If you are a broker looking for agents, have I got a post for you!
I spent the last three weeks broker shopping and I'd like to share what worked for me (and what didn't) while it's still fresh in my memory.
For the purposes of this post, I'm going to say that I started with 150 potential brokers in my area and I want to narrow that down to 1.
The biggest factor in getting on my short list of brokers was the broker's website. Does that seem shallow? Good, because it is shallow. We are in a shallow industry where you have to sell yourself in the first 30 seconds to potential clients.
- If I go to your site and the content is set to be viewed on a 640 x 480 monitor, I'm out. What is this, the 90s?
- If your color palette make's my teeth hurt, I'm gonna pass. Bright green is not your friend.

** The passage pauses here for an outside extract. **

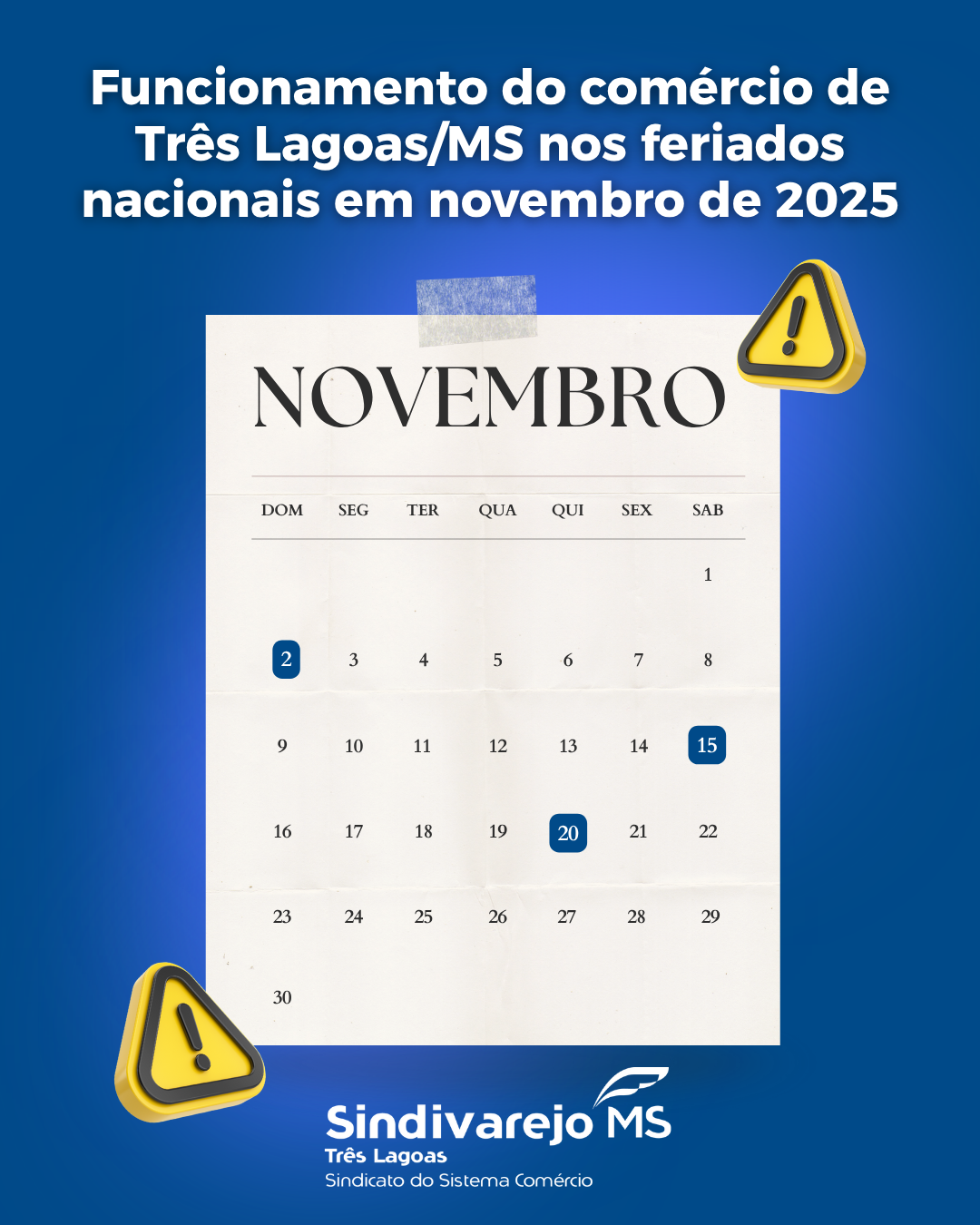 Comunicamos que o funcionamento do comércio do dia 02, 15 e 20 de novembro será como segue: Obs.: – As horas trabalhadas nos dias 02,

- Pictures of grandkids, kittens, or grandkids holding kittens are awesome, but not on your home page.
Unless you have a high Amish client base, your web presence is vital as a first point of contact to customers. I can't be associated with a broker that doesn't appear to know how to hire someone to make a decent website.
So let's say I started with 150 potential brokers in my area. After looking at websites I'm down to 20. Yes, it is that big of a deal.
What's next? Information. You have it, I need it.
I don't have time to interview with 20 brokers to find a fit. So I'm going to look at the careers or agents section of these 20 websites that I like to see if I can get information to help me decide who I want to interview with. You do have a career section on your site, right? Oops, we're down to 10 brokers.
All agents have specific things they are looking for in a broker. New agents want training and systems that allow them to hit the ground running (or at least walking briskly). Experienced agents want a good commission and to be left alone. You can't be all things to all agents, but if you give me a general idea of what you can do for me, what I can do for you and what your company specialties are, it will go a long way towards us not wasting each other's time. Think back to when you were an agent and you would take your list of questions to an interview with a broker. Now see how many of those questions you can answer on your website.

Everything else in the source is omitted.